A Feasibility Study of the Nativis Voyager® System in Patients With Recurrent Glioblastoma Multiforme (GBM) in Australia

Nativis

Status

Completed

Conditions

Glioblastoma Multiforme

Treatments

Device: Voyager

Study type

Interventional

Funder types

Industry

Identifiers

NCT02507102

NAT-105

Details and patient eligibility

About

This feasibility study will assess the effects of the Nativis Voyager therapy in patients with recurrent GBM who have either failed standard of care or are intolerant to therapy. The study will enroll and treat up to eleven subjects over six months.

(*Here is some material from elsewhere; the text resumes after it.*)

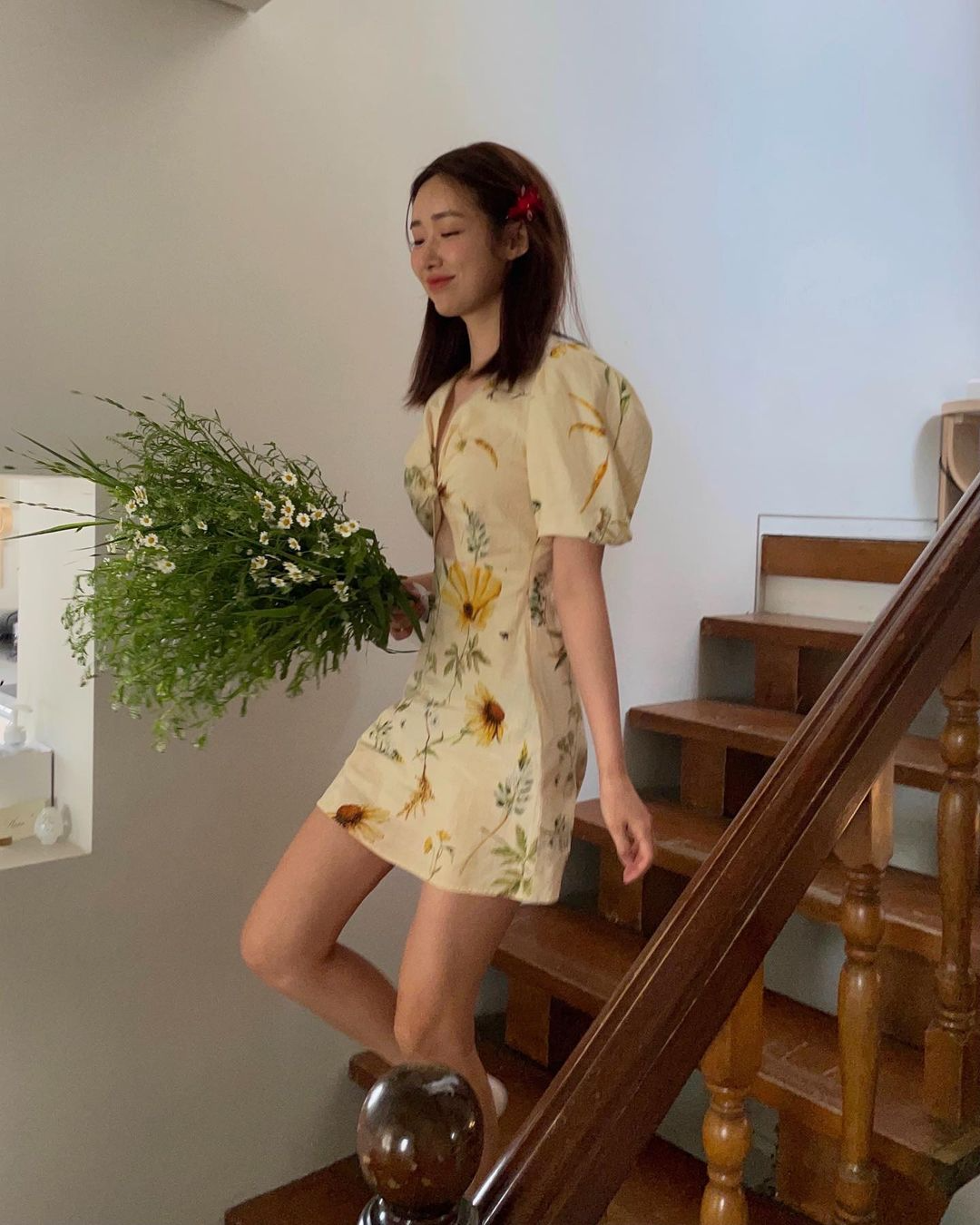 입기만 하면 품절 대란을 일으키는 차정원이 선택한 스파브랜드 제품은 바로 H&M 컨셔스 컬렉션. 차정원은 야생화를 핸드 페인팅 수채화로 재현한 H&M 컬렉션 드레스를 착용해 사랑스러운 데일리 룩을 완성했다. 러블리한 플로럴 패턴도 매력적이지만 세련된 컷 아웃 디테일이 이 드레스의 가장 큰 특징. 혹 컷 아웃 디테일이 부담스럽다면 슬리브리스 톱을 함께 매치해 스타일링하는 방법도 참고할 것.

Safety and clinical utility will be evaluated.

Enrollment

11 patients

Sex

All

Ages

18+ years old

Volunteers

No Healthy Volunteers

Inclusion criteria

Subject has histologically confirmed diagnosis of GBM.
Subject has failed or intolerant to radiotherapy.
Subjects has failed or intolerant to temozolomide therapy.
Subject has progressive disease with at least one measureable lesion on MRI or CT.
Subject is at least 18 years of age.
Subject has a KPS ≥ 60.
Subject has adequate organ and marrow function.
Subject has provided signed informed consent.

Exclusion criteria

Subject has life expectancy less than eight weeks
Subject has received other investigational therapy within the last 28 days.
Subject has received surgery within the last two weeks or not fully from prior surgery.
Subject has a clinically significant electrolyte abnormality.
Subject has an active implantable (e.g., neurostimulator, pacemaker) or other electromagnetic device.
Subject has a metal implant, including a stent, in the head or neck that is incompatible with MRI.
Subject is known to be HIV positive.
Subject is pregnant, nursing or intends to become pregnant during the study period.
Subject is participating in other investigational research.
Subject has any condition that at the discretion of the investigator would preclude participation in the study.
Subject is unable or unwilling to comply with the protocol-required follow-up schedule.